Records shown START

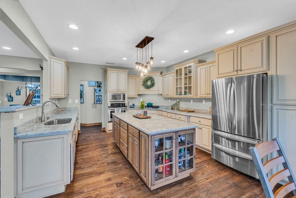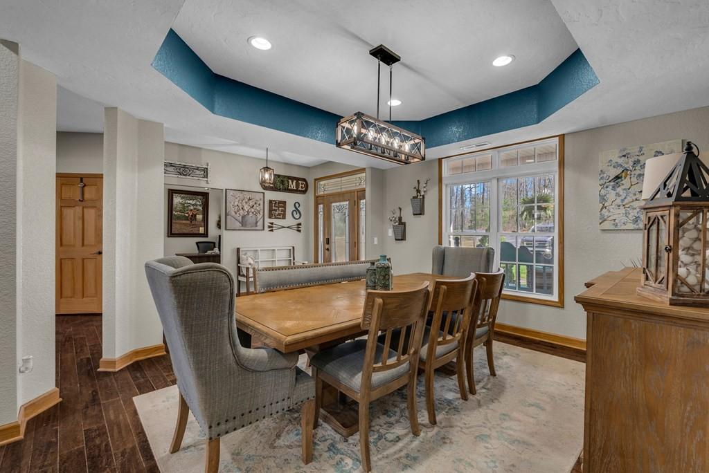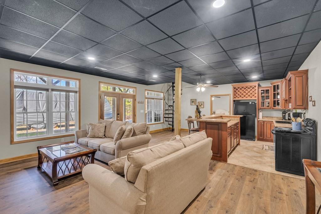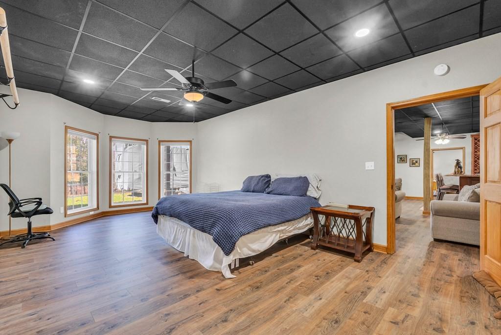 Sellers are relocating—your opportunity is here! This custom-built gem sits on 8.8 wooded acres with a peaceful spring-fed pond and is loaded with upgrades. Inside you'll find hardwood floors, solid wood doors, granite countertops, stainless appliances, and a stunning floor-to-ceiling gas fireplace. Two main-level primary suites, a formal dining room, and a home office add to the appeal. Upstairs: 4 bedrooms, including a second ensuite with a brand-new full bath. The basement has its own driveway, entrance, kitchen, full bath, bedroom, and bonus room—ready for Airbnb or rental. Extras include central vac, generator, Swann security, and a newer HVAC. About 3 acres are cleared—ideal for horses—and the 12x16 shed is wired, insulated, and lofted. Privacy, style, space, and income potential—this one truly has it all!
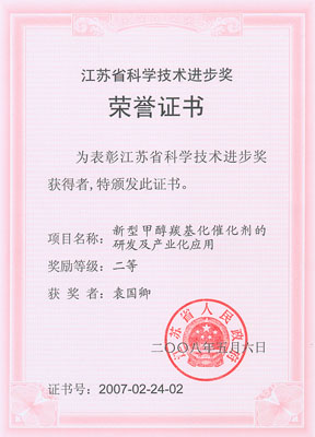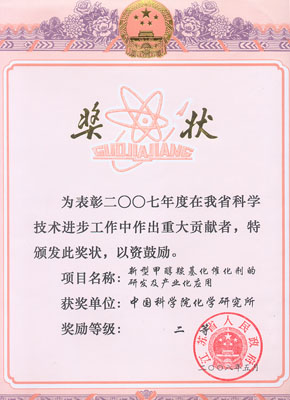 化学所研制的羰基合成醋酸催化剂(项目名称:新型甲醇羰基化催化剂的研发及产业化应用),与江苏索普(集团)有限公司合作,在工业化实施中取得优异成绩,获得江苏省科技进步二等奖(获奖单位:亚博888;获奖者:袁国卿)。
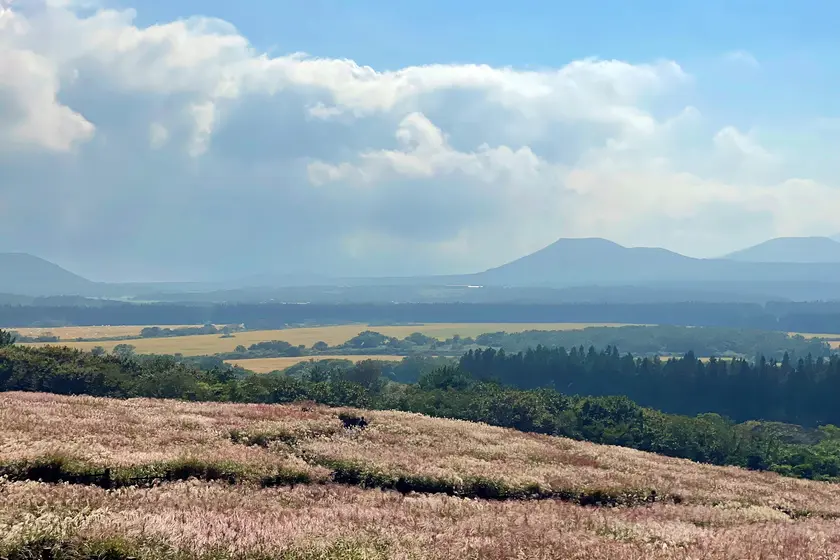 広大なクレーターと一緒に銀色のススキが舞う姿は圧巻です。
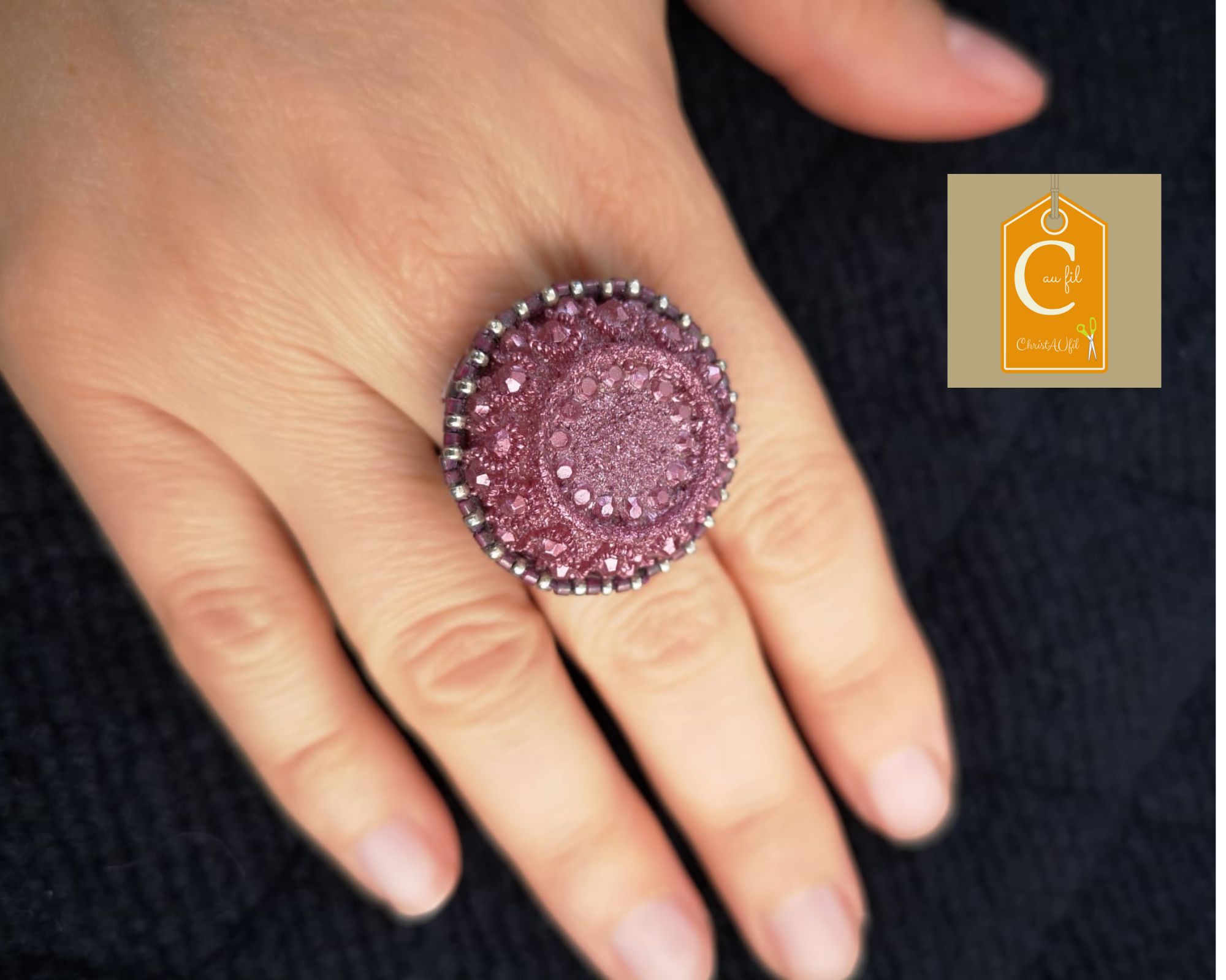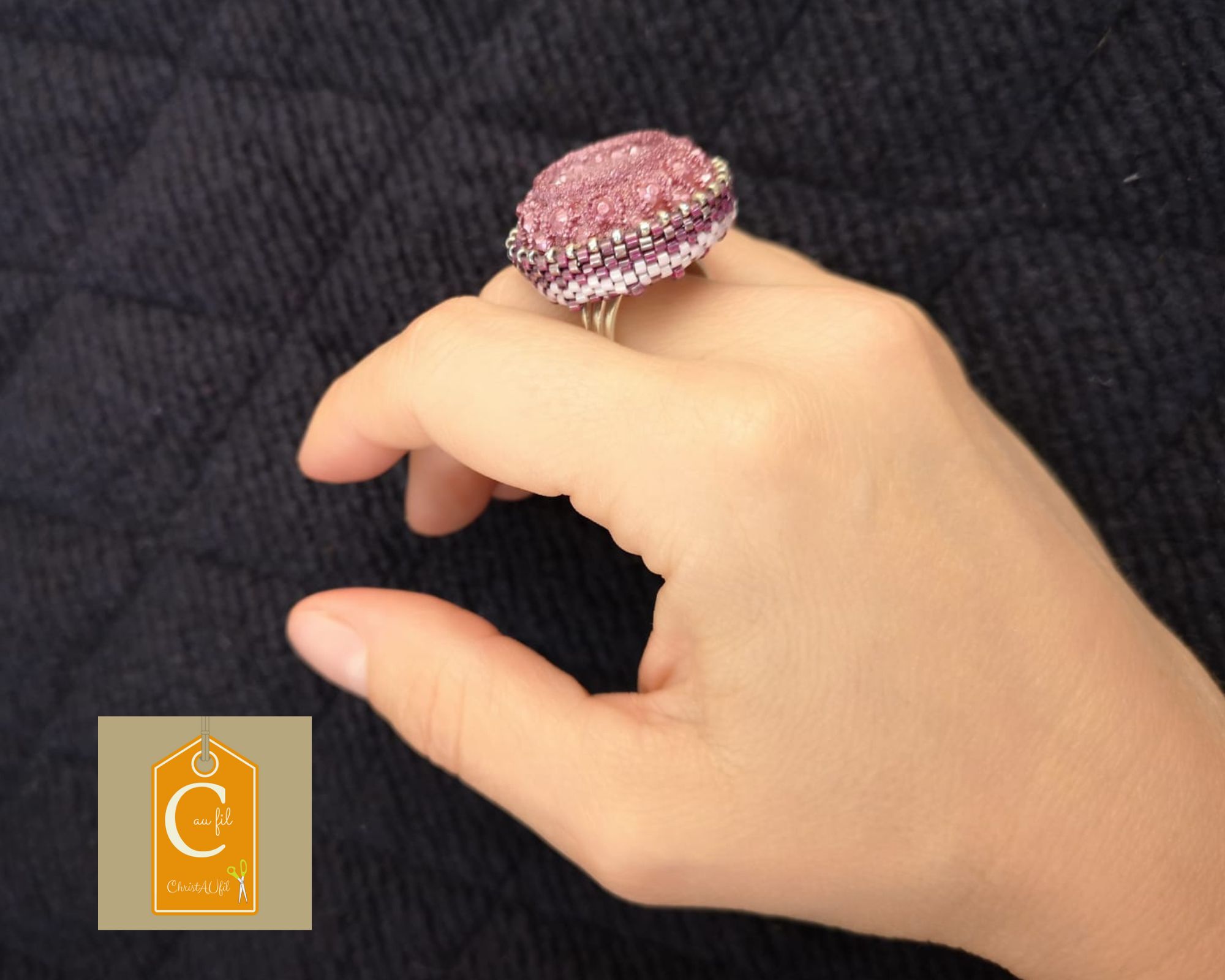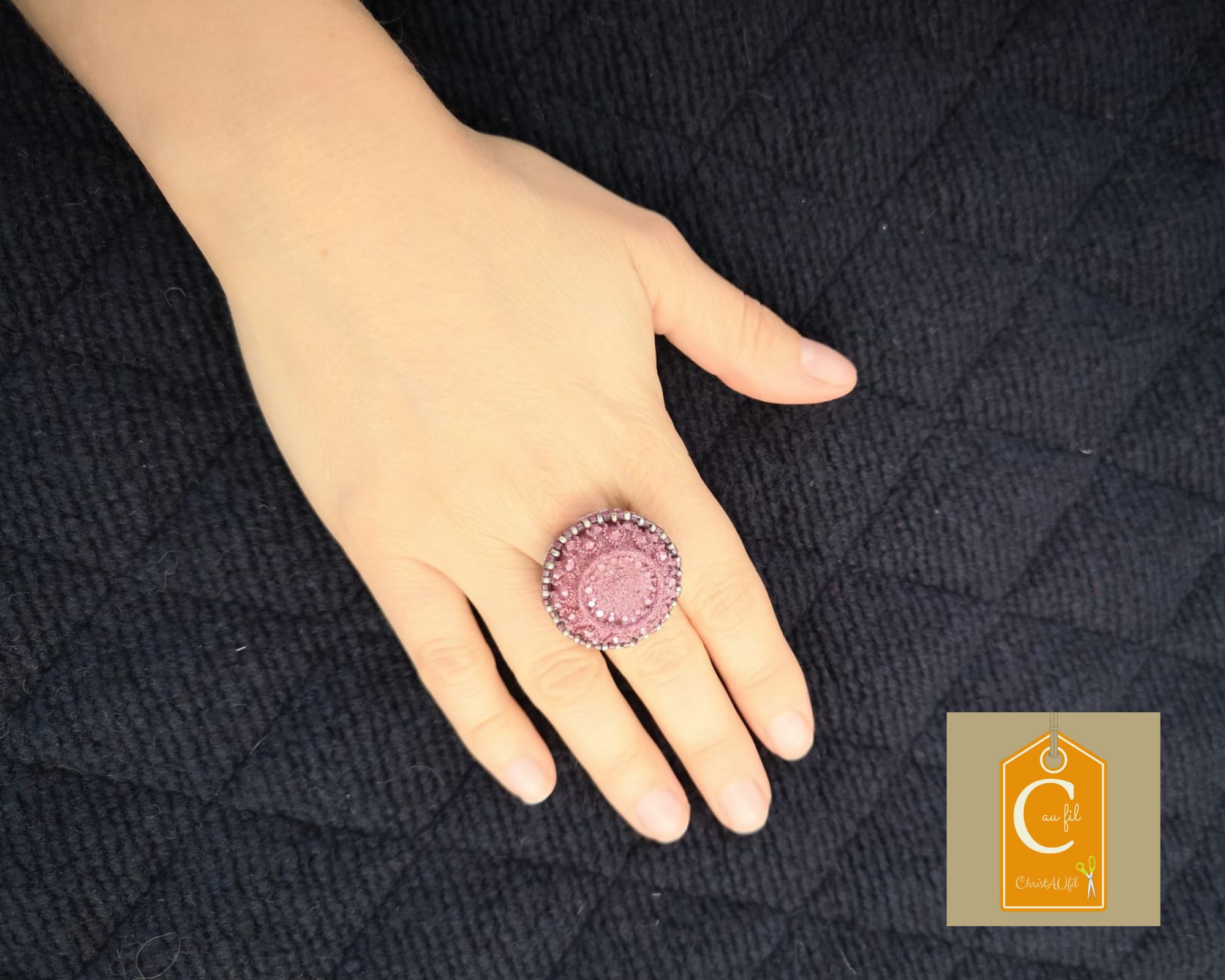 Bouton ancien ref 24028 couleur framboise tout à fait original en relief. Diamètre 3 cm serti de perles japonaises roses et couleur argentée. L’anneau argenté (sans nickel) est ajustable.
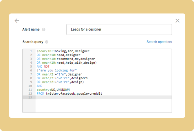 上面的示例将为美国跨社交媒体的设计师收集销售线索,并排除其他提供其服务的设计师或代理商。 如果布尔搜索听起来很有趣,请查看布尔搜索的完整指南,以获取详细说明和说明性示例。
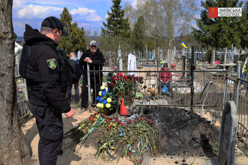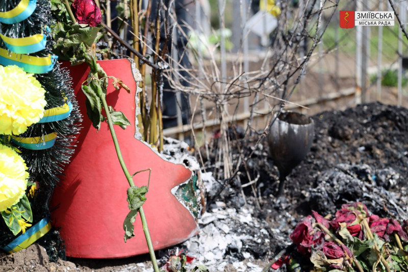 Наслідки пожежі на могилі військового у Змієві, 13 квітня 2026 року. Зміївська міськрада/Facebook
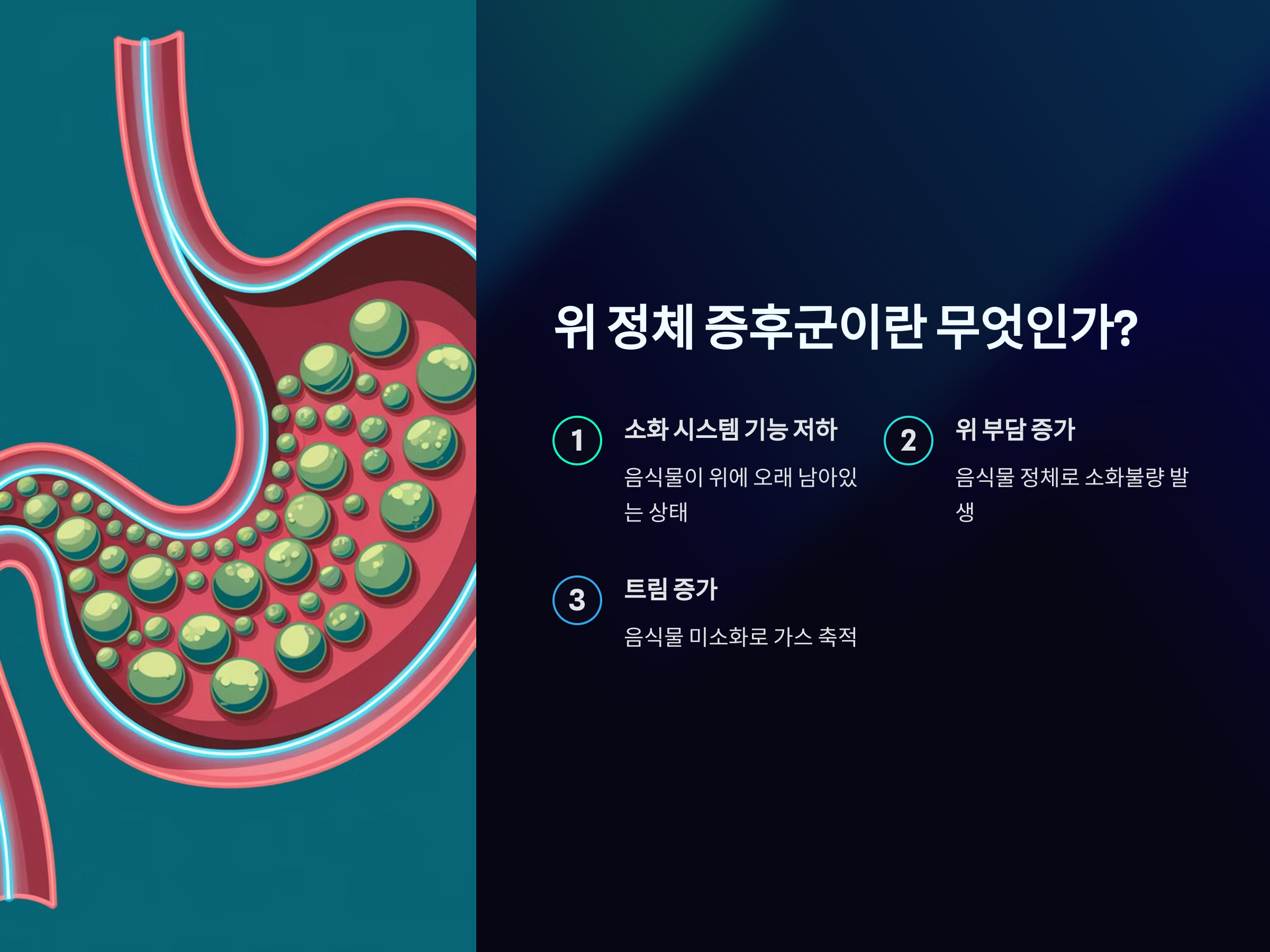 위 정체 증후군은 소화 시스템의 기능이 제대로 작동하지 않아서 음식물이 위에 오래 남아 있는 상태를 말합니다. 정상적인 소화는 음식물이 위를 빠져나가면서 소장이 소화할 준비를 해야 하는데, 이 과정이 원활하게 이루어지지 않으면 위에 음식물이 계속 쌓이게 됩니다. 결과적으로 위에 부담이 가해지며 소화불량이 발생하고, 트림도 증가할 수 있습니다.
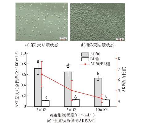 Caco-2細(xì)胞培養(yǎng)狀態(tài)及培養(yǎng)21 d后的堿性磷酸酶活性見圖10。由圖10(a)、(b)可以發(fā)現(xiàn),培養(yǎng)3 d過程中,單層Caco-2細(xì)胞生長穩(wěn)定并均勻分布在Transwell上,貼壁情況良好。堿性磷酸酶AKP是小腸刷狀緣細(xì)胞的標(biāo)志酶,其濃度代表了單層Caco-2細(xì)胞的極化和功能。觀察圖10(c)可知,培養(yǎng)21 d后,不同接種細(xì)胞密度在AP側(cè)的酶活性均高于BL側(cè)的酶活性,屬正常的細(xì)胞極化結(jié)果。初始密度為3×105個(gè)/mL的細(xì)胞AP側(cè)的AKP活性高于其他兩組,其BL側(cè)的AKP活性低于其他兩組,證明該組細(xì)胞分化情況較好。隨著細(xì)胞密度的增大,AP側(cè)與BP側(cè)活力的比值呈下降趨勢,說明初始細(xì)胞密度過大不利于細(xì)胞的分化。實(shí)驗(yàn)結(jié)果表明,3種模型細(xì)胞均生長良好。

Records shown END

Problem description: The response should consist of the lines above from the first through the one containing "위 정체 증후군은 소화", transcribed exactly, with every picture left out.

Written answer:
 Sellers are relocating—your opportunity is here! This custom-built gem sits on 8.8 wooded acres with a peaceful spring-fed pond and is loaded with upgrades. Inside you'll find hardwood floors, solid wood doors, granite countertops, stainless appliances, and a stunning floor-to-ceiling gas fireplace. Two main-level primary suites, a formal dining room, and a home office add to the appeal. Upstairs: 4 bedrooms, including a second ensuite with a brand-new full bath. The basement has its own driveway, entrance, kitchen, full bath, bedroom, and bonus room—ready for Airbnb or rental. Extras include central vac, generator, Swann security, and a newer HVAC. About 3 acres are cleared—ideal for horses—and the 12x16 shed is wired, insulated, and lofted. Privacy, style, space, and income potential—this one truly has it all!
 化学所研制的羰基合成醋酸催化剂(项目名称:新型甲醇羰基化催化剂的研发及产业化应用),与江苏索普(集团)有限公司合作,在工业化实施中取得优异成绩,获得江苏省科技进步二等奖(获奖单位:亚博888;获奖者:袁国卿)。
 広大なクレーターと一緒に銀色のススキが舞う姿は圧巻です。
 Bouton ancien ref 24028 couleur framboise tout à fait original en relief. Diamètre 3 cm serti de perles japonaises roses et couleur argentée. L’anneau argenté (sans nickel) est ajustable.
 上面的示例将为美国跨社交媒体的设计师收集销售线索,并排除其他提供其服务的设计师或代理商。 如果布尔搜索听起来很有趣,请查看布尔搜索的完整指南,以获取详细说明和说明性示例。
 Наслідки пожежі на могилі військового у Змієві, 13 квітня 2026 року. Зміївська міськрада/Facebook
 위 정체 증후군은 소화 시스템의 기능이 제대로 작동하지 않아서 음식물이 위에 오래 남아 있는 상태를 말합니다. 정상적인 소화는 음식물이 위를 빠져나가면서 소장이 소화할 준비를 해야 하는데, 이 과정이 원활하게 이루어지지 않으면 위에 음식물이 계속 쌓이게 됩니다. 결과적으로 위에 부담이 가해지며 소화불량이 발생하고, 트림도 증가할 수 있습니다.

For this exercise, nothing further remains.